Verantwortlich die Zukunft gestalten

Gespräch mit Regierungschef Dr. Klaus Tschütscher anlässlich des Staatsfeiertages 2010

Regierungschef Dr. Klaus Tschütscher

Herr Regierungschef, Ihre Amts- zeit war bisher keine Schönwetterzeit. Verschiedene Krisen wie die globale Wirtschafts- und Finanz- krise, die Schuldenkrise und die Eurokrise prägen das wirtschaftliche Umfeld Liechtensteins. Macht regieren so noch Freude?

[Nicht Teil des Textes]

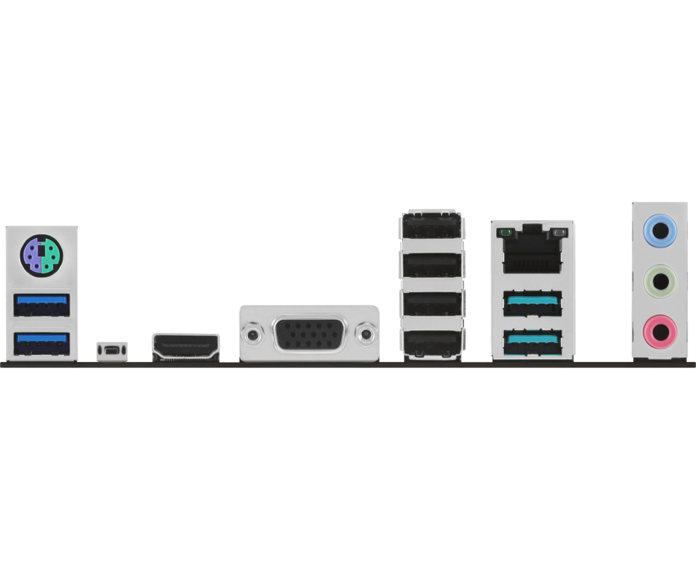 PS/2, 4 x USB 2.0, 2 x USB 3.2 Gen1, 2 x USB 3.2 Gen2, VGA, HDMI

Regierungschef Dr. Klaus Tschütscher: Ja! Die Zukunft unseres Landes in Zeiten von Veränderungen und Umbrüchen verantwortlich mitzugestalten ist eine faszinierende und zugleich fordernde Aufgabe. Ich gebe Ihnen Recht, dass im Moment manche Herausforderung zu bewältigen ist. Das gilt im übrigen nicht nur für Liechtenstein. In Krisenzeiten muss die Politik in verschiedenen Bereichen generell mehr Führungsverantwortung übernehmen. Das können Sie derzeit auch in vielen anderen Ländern Europas beobachten.

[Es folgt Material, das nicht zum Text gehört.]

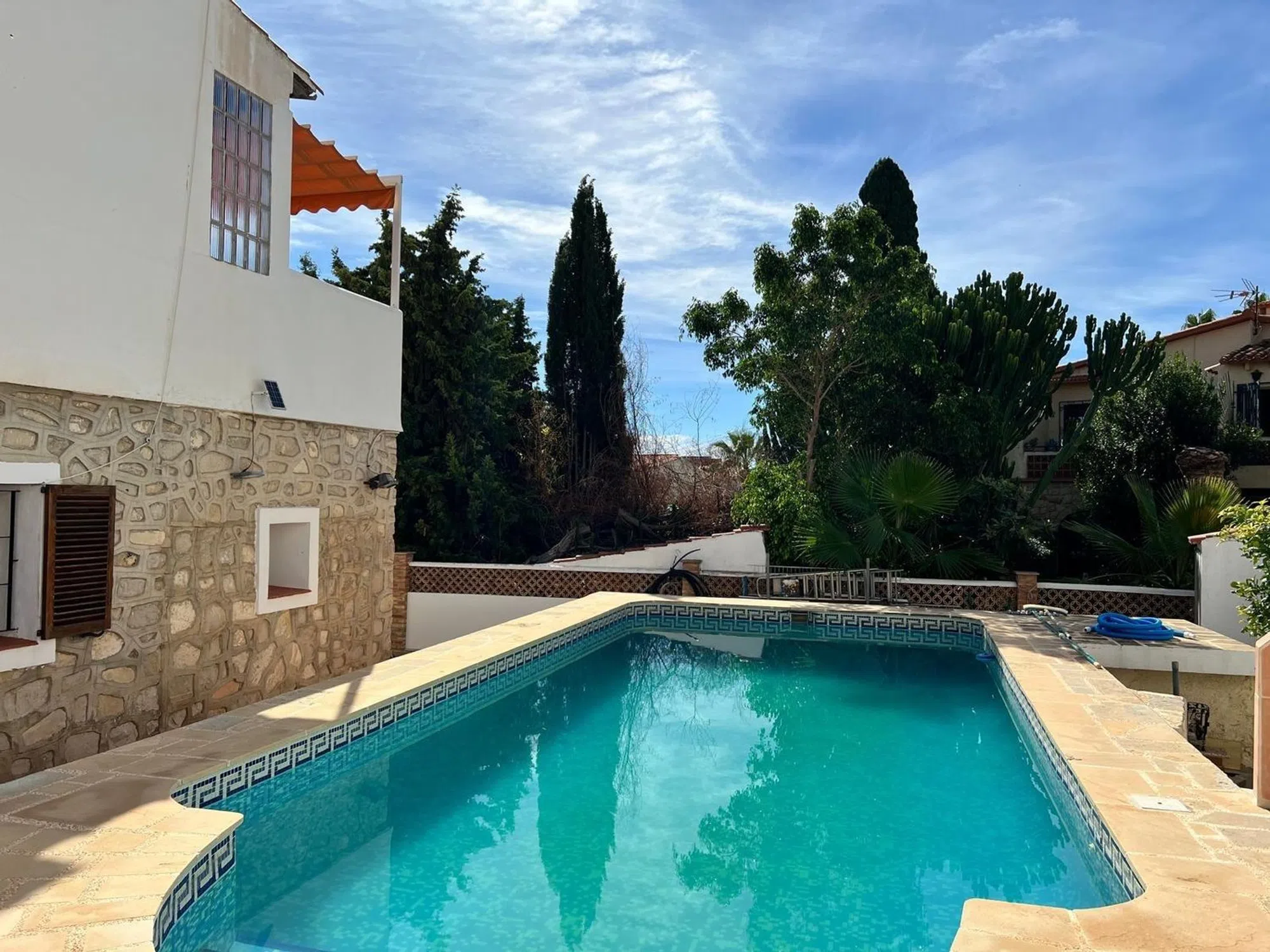 Magnífico Chalet Independiente con Apartamento y Piscina Privada, a Solo 10 Minutos de Benidorm ¡Descubre tu nuevo hogar! Te presentamos un espectacular chalet independiente de 295 m², situado en una parcela de 443 m², que combina comodidad, espacio y privacidad. Este excepcional inmueble se distribuye en dos viviendas, perfectas para disfrutar de la vida en familia o como inversión. Descripción de la Casa Principal Al ingresar, te recibirán un amplio salón-comedor luminoso y acogedor, ideal para momentos de relajación y entretenimiento. La cocina abierta al salón permite una convivencia fluida y, desde aquí, tendrás acceso directo a una hermosa terraza, perfecta para disfrutar de tus desayunos al aire libre. La casa principal cuenta con dos habitaciones dobles, proporcionando un espacio confortable para toda la familia, y un baño completo equipado con todo lo necesario. Apartamento Independiente Accediendo desde la parcela en planta baja, encontrarás un apartamento independiente que ofrece una excelente oportunidad para alquilar o recibir a tus invitados. Este espacio incluye un salón-comedor con cocina y despensa, un baño completo y dos habitaciones, garantizando privacidad y comodidad. Espacios Exteriores El chalet cuenta con una encantadora piscina privada, ideal para disfrutar en los días soleados. A su alrededor, hay una zona de cenador y barbacoa, perfecta para reuniones familiares o con amigos. Además, en la parcela se encuentra una tercera estancia: una habitación destinada a la colada, que alberga la lavadora y proporciona un práctico espacio de almacenamiento. También incluye dos trasteros, uno para herramientas y otro para mayor capacidad. La parcela ofrece espacio para aparcar hasta dos coches, brindando comodidad y facilidad de acceso. Ubicación Ideal Ubicado a solo 10 minutos de Benidorm, este chalet ofrece la tranquilidad de un entorno residencial sin renunciar a la cercanía de todas las comodidades y atracciones que la ciudad tiene para ofrecer. Además, está cerca de farmacias, supermercados y más, asegurando que todo lo que necesites esté a tu alcance. No Pierdas la Oportunidad Este magnífico chalet con dos viviendas es una oportunidad única en el mercado. ¡No esperes más para visitarlo y enamorarte de su encanto! Contáctanos para más información y para concertar una visita. ¡Tu nuevo hogar te está esperando!

Krisen verlangen nach Lösungen. Veränderungen rufen nach Reformen. Gibt es in Liechtenstein einen Reformstau?

Regierungschef Dr. Klaus Tschütscher: Es ist wie im Strassenverkehr: Stau bedeutet Stillstand. Für Liechtenstein aber trifft dieses Bild nicht zu. Denn wir sind bereits seit über zehn Jahren in einem permanenten und tiefgreifenden Transformationsprozess unterwegs. Dieser schliesst naturgemäss Reformbedarf in vielen    Bereichen mit ein. Dazu zähle ich aktuell das Steuerrecht, das Gesundheitswesen sowie die Regierungs- und Verwaltungsreform. All diese Reformen sind nicht Selbstzweck. Das oberste Ziel ist vielmehr, Liechtenstein für die Zukunft fit zu machen.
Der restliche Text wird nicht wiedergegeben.